Auf der anderen Seite ist der Manager davon überzeugt, dass „Stahl der Werkstoff der Zukunft ist. Wir haben weltweit eine wachsende Nachfrage nach Stahl. Photovoltaik, Baumaschinen, Wasserkraftwerke, Druck- und Kesselbau, neue Brücken – das alles geht nicht ohne Stahl.“ Auch die Mobilitäts- und Energiewende sei ohne Stahl nicht denkbar. Zudem sei er zu 100 Prozent recycelbar.
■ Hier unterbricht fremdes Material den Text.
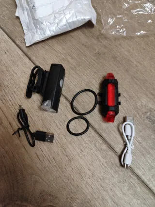 Set de dos luces LED para bicicleta, completamente nuevas. - Luz frontal blanca. - Luz trasera roja. - Incluye cable de carga USB. - Incluye cintas de sujeción. Luz delantera y luz trasera para bicicleta tiene varios modos de iluminacion con cable USB para carga Nueva a estrenar Puedes mirar en mi perfil mas ofertas gracias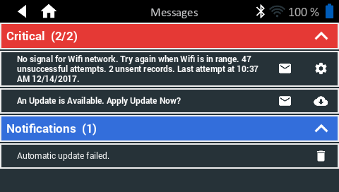 You are also alerted when a software update is available through the Messages app on the Main Screen. In the example below, there are two critical messages. One of them is alerting the user that a software update is available. To proceed with the software update from the Messages screen, tap on the Cloud icon.
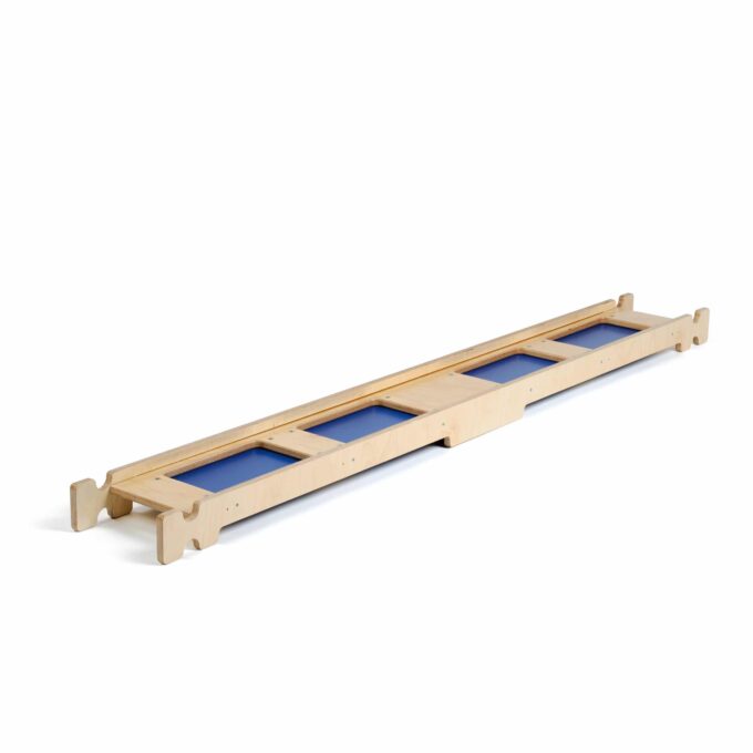 Hier kann man von einer Pfütze in die nächste Pfütze springen, auch wenn man die Gummistiefel vergessen hat. Geht man in normaler Schrittfolge über das Brett, hat man in einem unregelmäßigen Wechsel festen und etwas wackeligeren Grund – somit wird das Gleichgewichtsgefühl und die Stabilität der Fußgelenke gestärkt.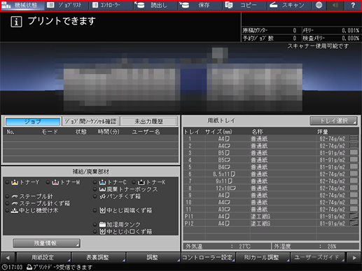 [機械状態]画面が表示されます。稼働中の本機の状態の確認や、画面下部のキーから各種設定ができます。 | |

 An dieser Entwicklung hätten auch die Saarländer einen wesentlichen Anteil. Die Saar-Konzerne hätten 2500 Produkte im Angebot, die immer höheren Ansprüchen genügen und von denen viele erst in den vergangenen Jahren entwickelt wurden. Die Dillinger Hütte und Saarstahl würden sich „in einem hervorragendem Umfeld“ bewegen. „Das ist ein Pfund, auf das wir aufsetzen können.“

Die technischen Herausforderungen bei der Umstellung auf „grünen Stahl“ seien allerdings enorm. Unter anderem sei der Energiebedarf riesig, wenn die Stahlproduktion auf Wasserstoff-Technologie umgesetzt werde. Allein die Stromnachfrage werde um ein Vielfaches höher als dies heute bereits der Fall sei. Auch der Zwischenschritt, Stahl aus Schrott mit Elektroöfen zu erzeugen, sei problematisch. „Dafür ist viel zu wenig Schrottstahl auf dem Markt.“

Tim Hartmann, Vorstandsvorsitzender von Dillinger Hütte und Saarstahl. Foto: Oliver Dietze

Die Stahlindustrie ist immer noch eine wichtige Branche an der Saar. Bei den beiden Unternehmen arbeiten rund 14 000 Mitarbeiter. Sie erwirtschaften einen Umsatz von rund 4,5 Milliarden Euro. Die Dillinger Hütte produzierte 2,33 Millionen Tonnen Rohstahl und etwa zwei Millionen Tonnen Grobbleche. Die Rohstahl-Fertigung von Saarstahl lag 2018 bei etwa 2,78 Millionen Tonnen. Das Roheisen beziehen sie aus den Dillinger Hochöfen der Rogesa, an dem die beiden Konzerne zu jeweils 50 Prozent beteiligt sind. Wegen der schwierigen Lage in der Stahlindustrie müssen die Unternehmen pro Jahr 250 Millionen Euro einsparen. Dazu sollen unter anderem 1500 Arbeitsplätze sozialverträglich abgebaut und rund 1000 Stellen ausgelagert werden.